#### Information given
################

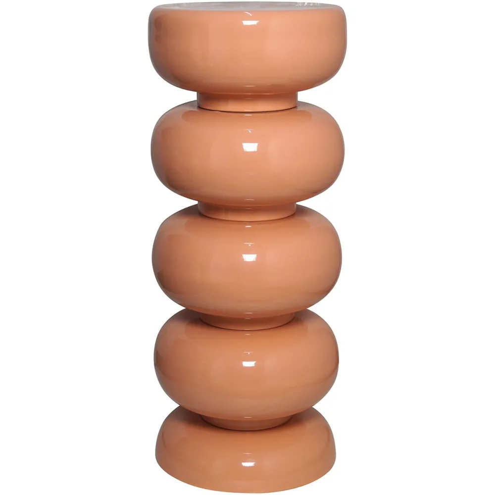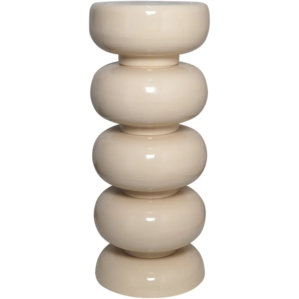 De Jari pilaar in beige is een stijlvol en opvallend meubelstuk, vervaardigd uit ijzer. Het ontwerp bestaat uit meerdere ronde, gestapelde vormen die samen een sculpturale en moderne uitstraling creëren. De glanzende beige afwerking geeft de pilaar een elegante en verfijnde look, terwijl het stevige ijzeren materiaal zorgt voor duurzaamheid en stabiliteit. Deze pilaar is perfect als decoratief element in verschillende interieurstijlen en kan dienen als sokkel voor kunstwerken, planten of andere decoratieve items. De Jari pilaar voegt een vleugje moderne kunst toe aan elke ruimte.
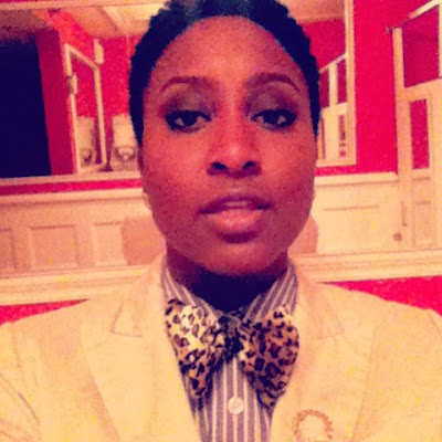 | H&M jeans and blazer, Thomas Pink Shirt, brownbelle bow tie, vintage lapel pin, Louis Vuitton clutch, BCBG shoes |
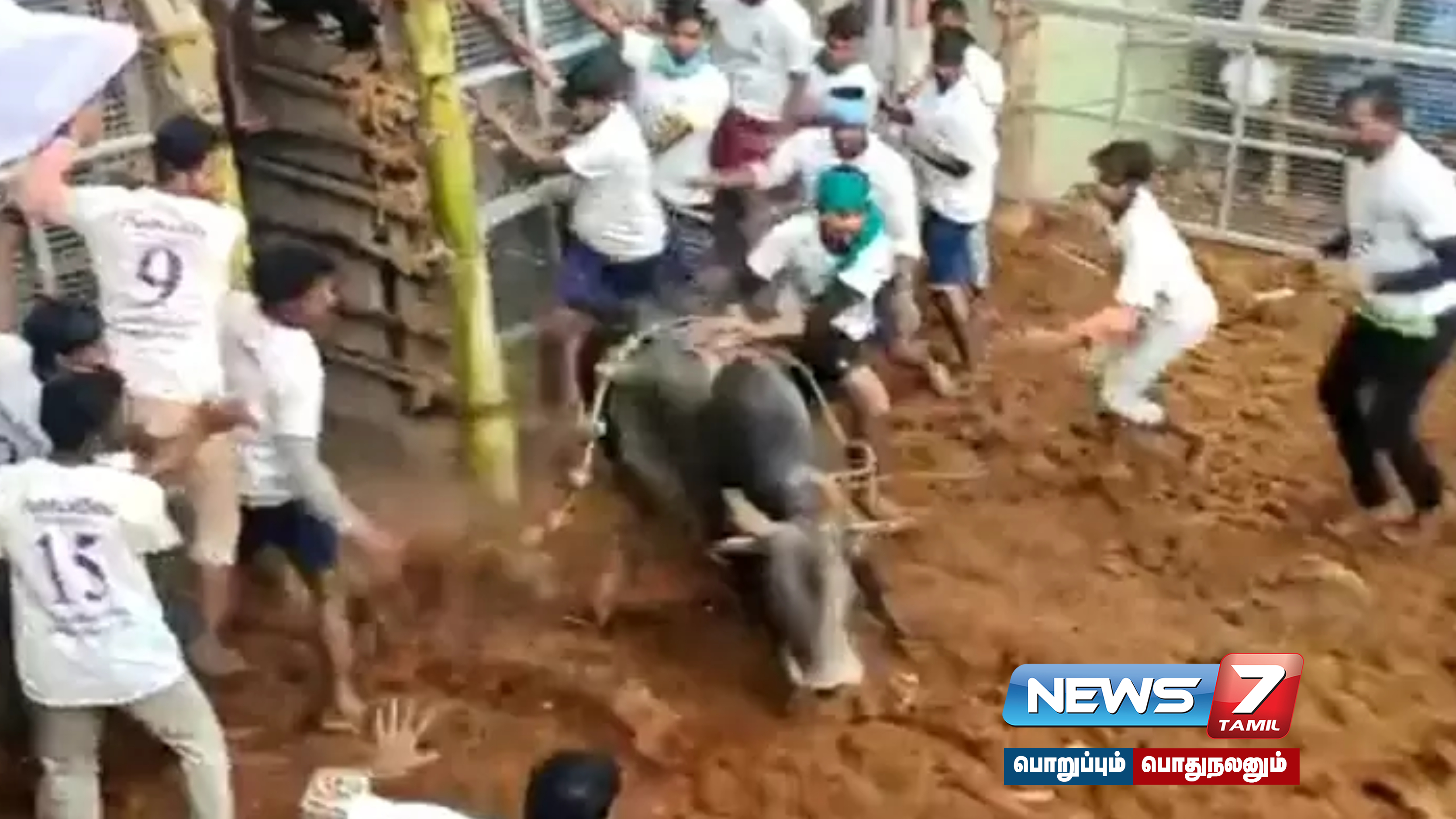 வாடிவாசல் வழியே திமிறி சீறி பாய்ந்த காளைகள் காளையர்களைக் கலங்கடித்த நிலையில் நின்று விளையாடியது. சில காளையர்கள் தொட்டுக் கூட பார்க்க முடியாதபடி சீறி பாய்ந்தது. இருப்பினும் சில காளைகளை வீரர்கள் திமில் பிடித்துத் தழுவினர்.
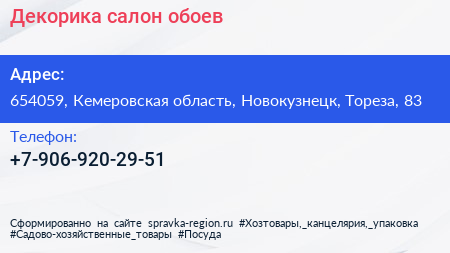 Декорика, салон обоев по адресу 654059, Кемеровская область, Новокузнецк, Тореза, 83 в дальнейшем Организация, размещена в следующих категориях:
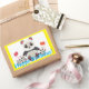 Adorable cartoon panda bear and three cubs holding balloons. Yellow border and blue text that reads Happy Birthday!
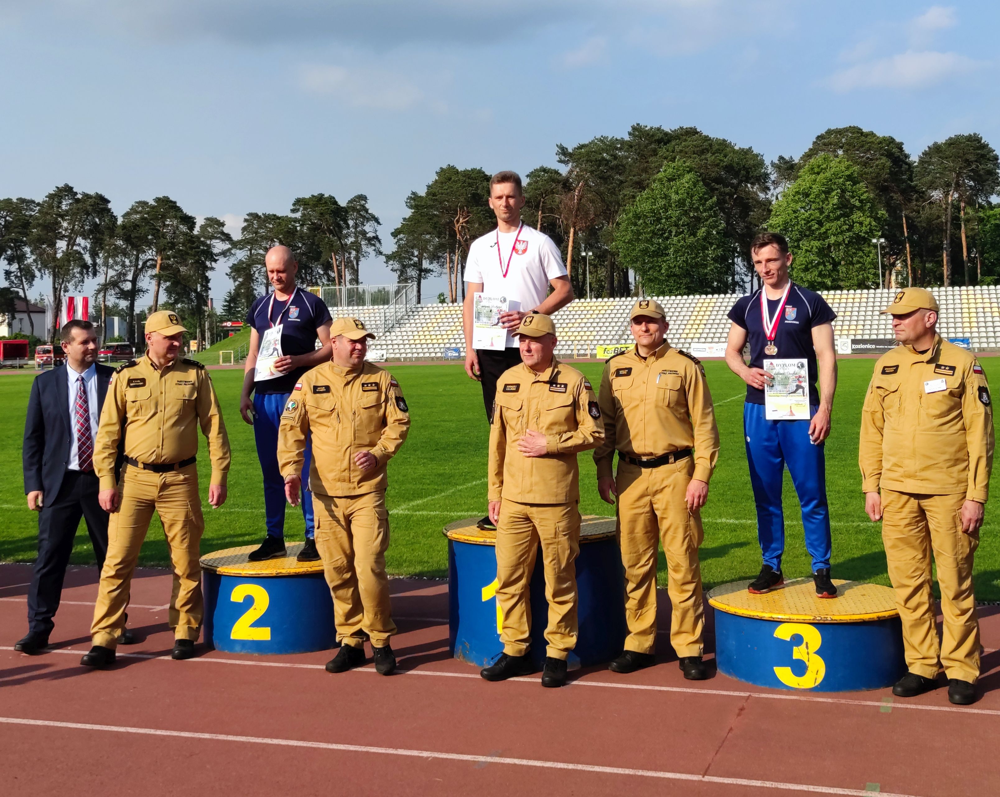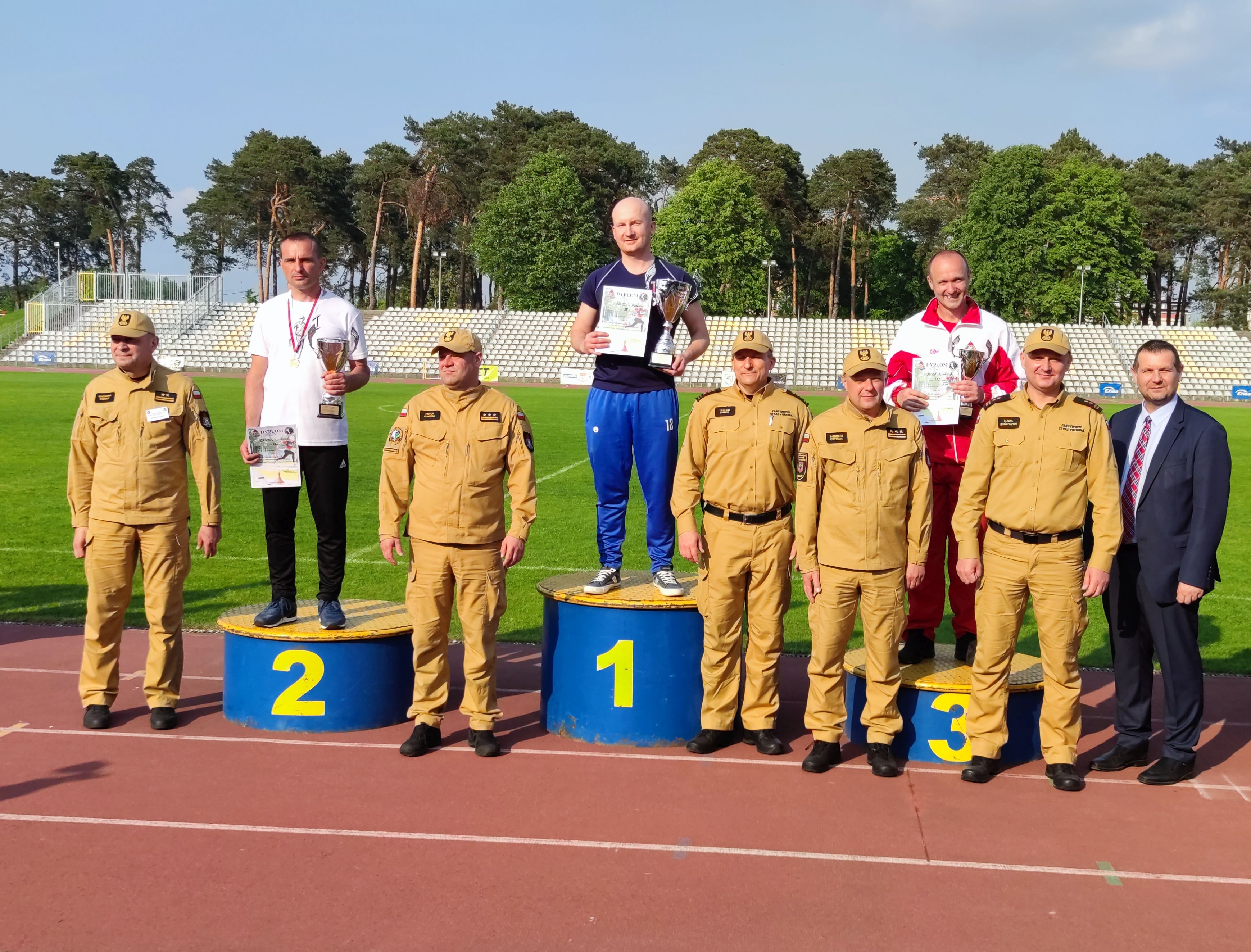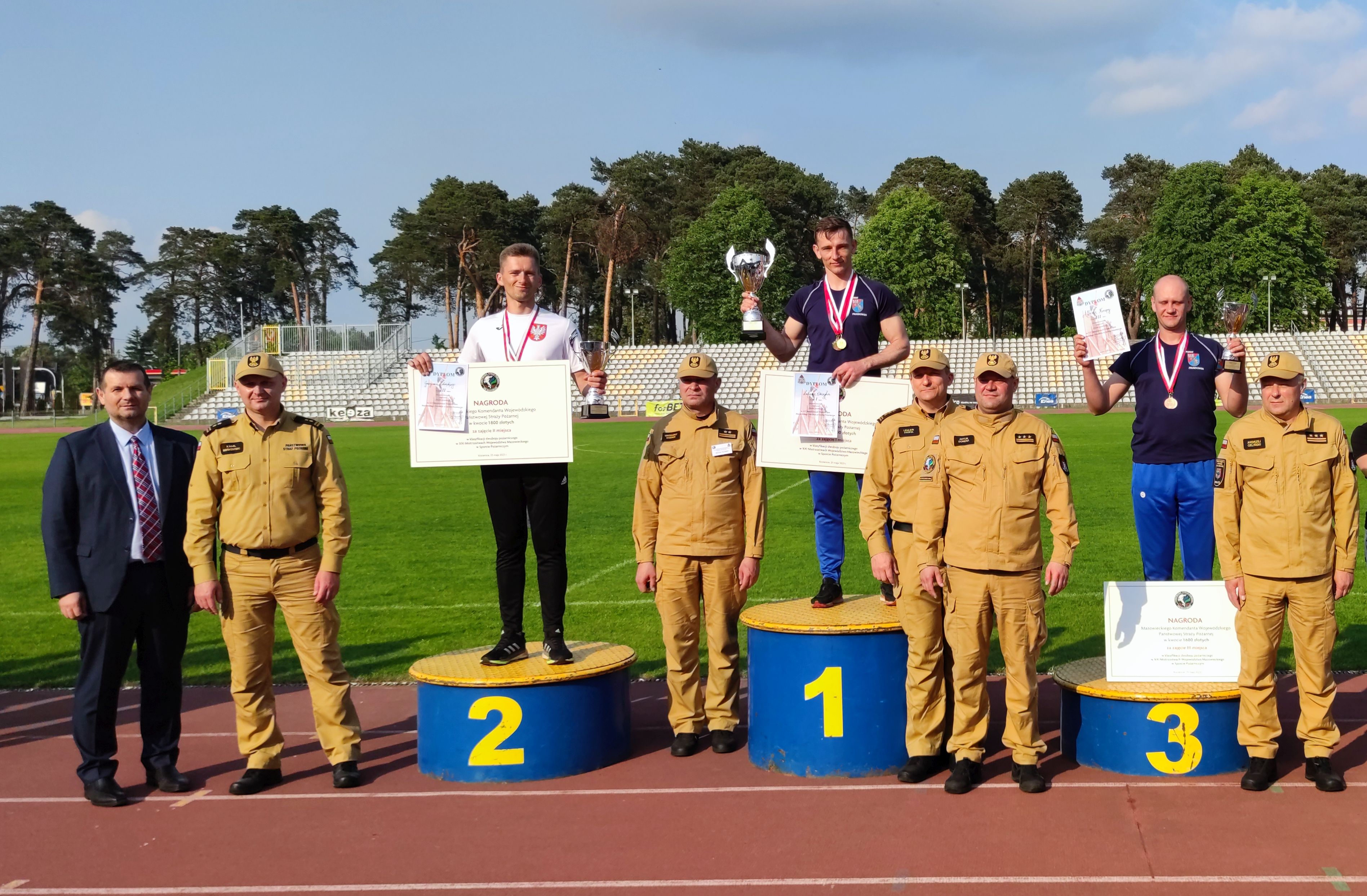Po pełnym sportowych emocji dniu, w ceremonii zakończenia mistrzostw uczestniczył st. bryg. Artur Gonera - Zastępca Mazowieckiego Komendanta Wojewódzkiego PSP oraz komendanci miejscy/powiatowi PSP, którzy towarzyszyli swoim drużynom.

################

#### Problem
Having located the line with "Adorable cartoon panda", transcribe exactly and only the lines from it to the final line of the material, skipping the pictures.

#### Answer section
 Adorable cartoon panda bear and three cubs holding balloons. Yellow border and blue text that reads Happy Birthday!
Po pełnym sportowych emocji dniu, w ceremonii zakończenia mistrzostw uczestniczył st. bryg. Artur Gonera - Zastępca Mazowieckiego Komendanta Wojewódzkiego PSP oraz komendanci miejscy/powiatowi PSP, którzy towarzyszyli swoim drużynom.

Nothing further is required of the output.